When the process is initiated as 'oneadmin,' the following message also appears in the syslog.

Jan 4 10:46:57 cloud-testbed001 libvirtd[63387]: libvirt version: 8.0.0, package: 1ubuntu7.7 (Michal Maloszewski <[michal.maloszewski@canonical.com](mailto:michal.maloszewski@canonical.com)> Fri, 04 Aug 2023 10:42:25 +0200)
Jan 4 10:46:57 cloud-testbed001 libvirtd[63387]: hostname: cloud-testbed001
Jan 4 10:46:57 cloud-testbed001 libvirtd[63387]: Failed to open file '/sys/kernel/security/apparmor/profiles': Permission denied
Jan 4 10:46:57 cloud-testbed001 libvirtd[63387]: Failed to read AppArmor profiles list '/sys/kernel/security/apparmor/profiles': Permission denied
Jan 4 10:46:57 cloud-testbed001 libvirtd[63387]: Failed to open file '/sys/kernel/security/apparmor/profiles': Permission denied
Jan 4 10:46:57 cloud-testbed001 libvirtd[63387]: Failed to read AppArmor profiles list '/sys/kernel/security/apparmor/profiles': Permission denied
Jan 4 10:46:57 cloud-testbed001 libvirtd[63387]: Failed to open a VPD file '/sys/bus/pci/devices/0000:45:00.0/vpd': Operation not permitted
Jan 4 10:46:57 cloud-testbed001 libvirtd[63387]: Failed to open a VPD file '/sys/bus/pci/devices/0000:45:00.1/vpd': Operation not permitted
Jan 4 10:46:57 cloud-testbed001 libvirtd[63387]: Failed to open a VPD file '/sys/bus/pci/devices/0000:45:00.2/vpd': Operation not permitted
Jan 4 10:46:57 cloud-testbed001 libvirtd[63387]: Failed to open a VPD file '/sys/bus/pci/devices/0000:45:00.3/vpd': Operation not permitted

To Reproduce Install latest 6.8.x OpenNebula version (e.g. via minione) and check on hypervisor node a system logs for error messages as above.

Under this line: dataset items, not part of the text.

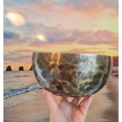 Bol Chantant 7 métaux du Népal façonné pendant la nuit de la pleine lune et avec un surplus d'or qui rend sa vibration et sa sonorité vraiment spéciales. Un magnifique objet sacré.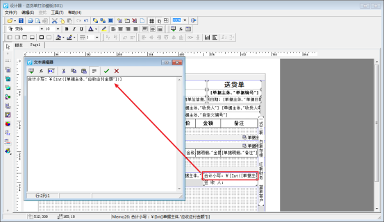 需要打印模板金額取整不進行四舍五入,在開單界面打印下點擊“打印格式設計”,選擇打印模板,點擊“設計格式”進入模板設計器,金額取整不進行四舍五入需要調用函數,打開金額文本框,復制取整調用數據項:[Int([單據主體."應收應付金額"])],然后確認保存,如下圖: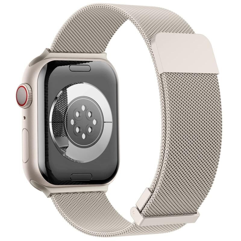 Για Apple Watch 8 45mm Μιλανέζικο Διπλό Μαγνητικό Διχτυωτό Ατσάλινο Λουράκι (Χρώμα Starlight)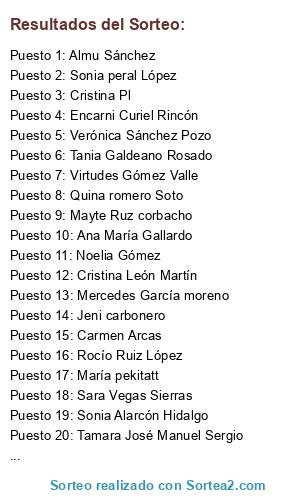 Lista de participantes: Verónica Sánchez Pozo, Noelia Gómez, Cristina León Martín, Laura Jiménez moreno, Ana Belén mora Castañeda, Jeni carbonero, Belén Acedo romero, Virtudes Gómez valle, Carmen Arcas, Tere Martín castillo, Mayte Ruz corbacho, Mayte Gómez, Virtudes Gómez Valle, Laura Pérez Fernández, Encarni Curiel Rincón, Sandra Hidalgo, Sara Vegas Sierras, Pili Ruiz casado, Mónica alcaide García, Sheila García García, Sonia Alarcón Hidalgo, Rocío Ruiz López, Almu Sánchez, María pekitatt, Morena Ruiz, María Ruiz Macías, Sonia peral López, Andrea morales arce, Susana Lara Garrido, Quina romero Soto, Mercedes García moreno, Tamara José Manuel Sergio, Cristina Pl, Noemí Shelby, Ana María Gallardo, Tania Galdeano Rosado, Jennifer Garrido Gil, Rocío ríos morales.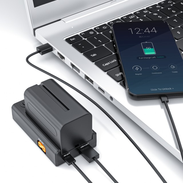 Ausgestattet mit einem USB-C PD-Eingang und -Ausgang, einem USB-A-Ausgang und einem D-Tap-Ausgang sorgt dieser Adapter für Flexibilität und Bequemlichkeit bei Setups für unterwegs. Sein kompaktes Design macht ihn zu einer ausgezeichneten reisefreundlichen Stromversorgungslösung für die professionelle Videoproduktion.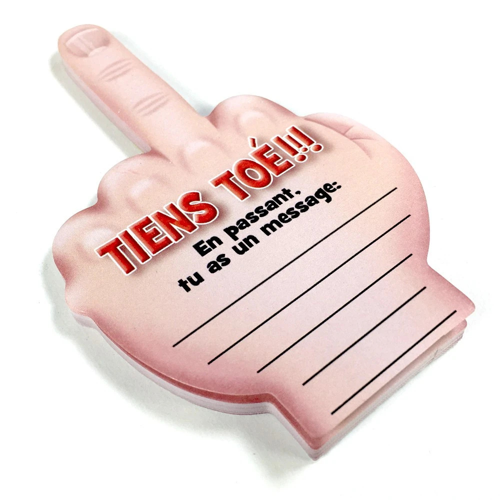 Le bloc-notes « Tiens toé… » (à prononcer à la manière de nos amis Canadiens) annonce immédiatement la couleur ! les notes adhésives repositionnables à la manière d’un Post-it sont en forme de main avec le majeur dressé. Un doigt d’honneur qui attire en principe tout de suite l’attention, il ne vous reste plus qu’à laisser votre message au destinataire dont la curiosité aura été attisée par ce majeur dressé !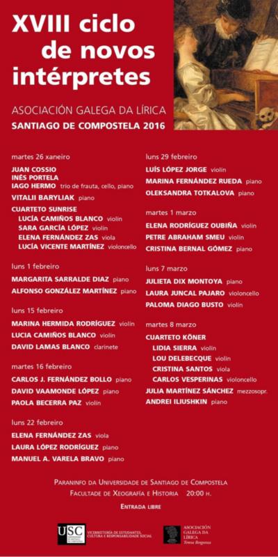 O XVIII Ciclo de Novos Intérpretes que organizan conxuntamente cada ano a Asociación Galega da Lírica e a Universidade de Santiago dará comezo este martes 26. O programa, o dedicado a novos intérpretes máis antigo en activo, contempla nove concertos ata o 8 de marzo no que participarán 40 novos valores da música en Galicia. Todos os recitais serán no Paraninfo da Universidade ás 20.00 horas, con entrada libre e gratuíta.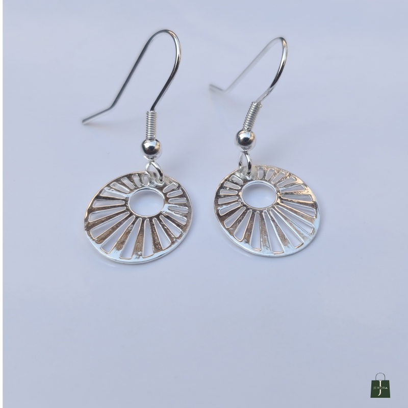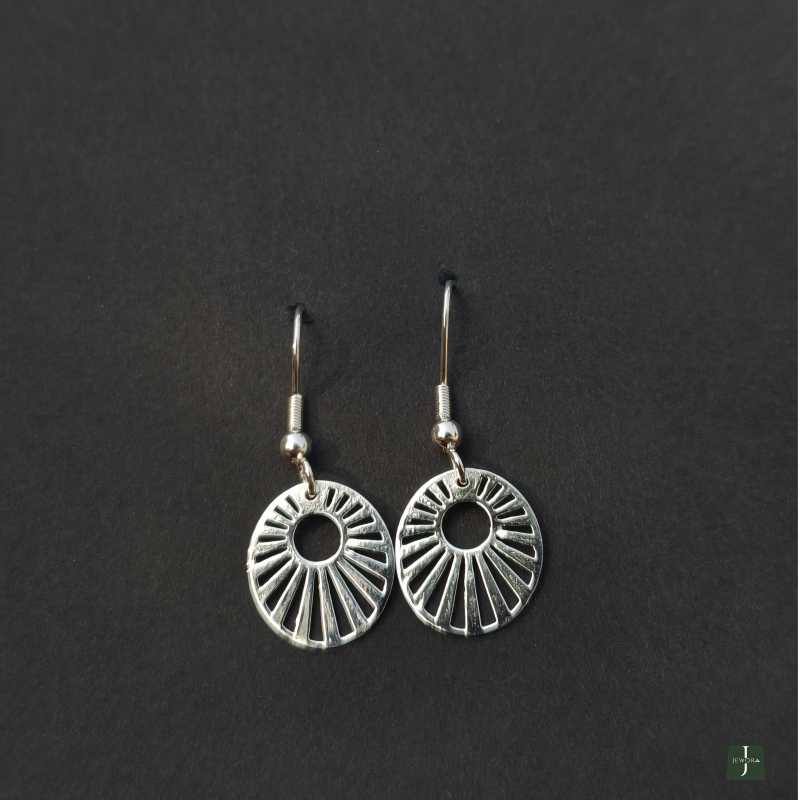 Minimal yet striking earrings with a circular sunburst cut-out design. Lightweight and stylish, perfect for everyday elegance. Pairs effortlessly with casual and semi-formal outfits.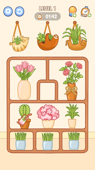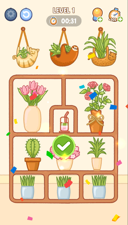 2、进入游戏后,将所有花按顺序排放好即可过关。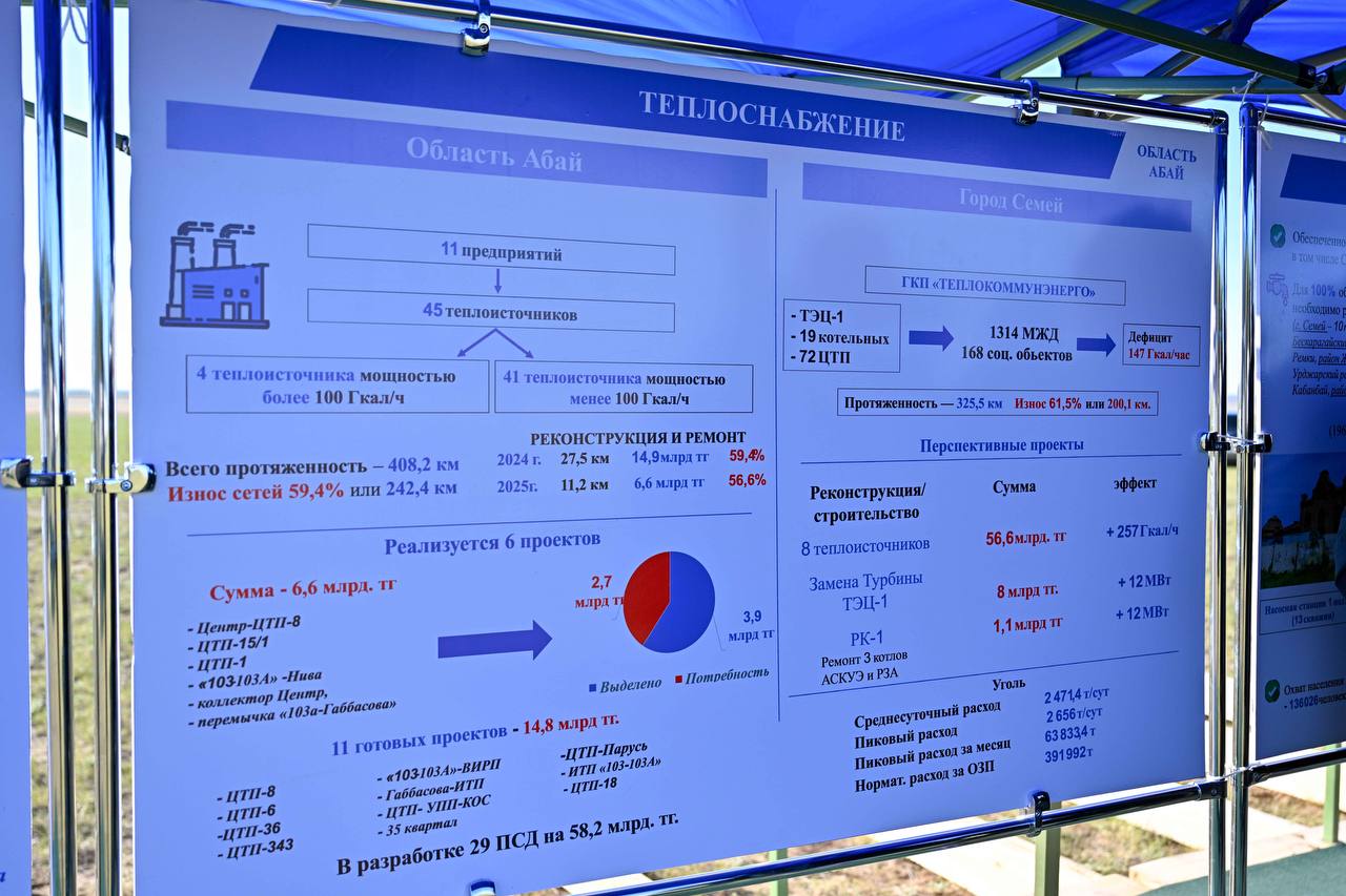 Как доложил руководитель областного управления энергетики, жилищно-коммунального хозяйства Жандос Каирханов, в области функционируют 11 тепловых предприятий, 45 источников тепла и 330 автономных тепловых котлов. Общая протяженность тепловых сетей – 408 километров, 59% которых изношены. В Семее подготовлено 11 проектов по увеличению мощностей тепловых котлов.

Expected behavior No error messages should be like ones listed in that issue.

Details

Additional context https://forum.opennebula.io/t/libvirtd-starts-in-cycles-of-10-minutes/11733

Progress Status

juulsp commented 3 months ago

I would like to add a few things I noticed.

We started seeing this behaviour, the multiple libvirtd processes, after upgrading OpenNebula from 6.6.x to 6.8.x, the behaviour described here seems to be a correct out of the box experience using libvirtd with systemd on Ubuntu 22.04 and also 24.04 when accessing libvirt as oneadmin or any other user for that matter.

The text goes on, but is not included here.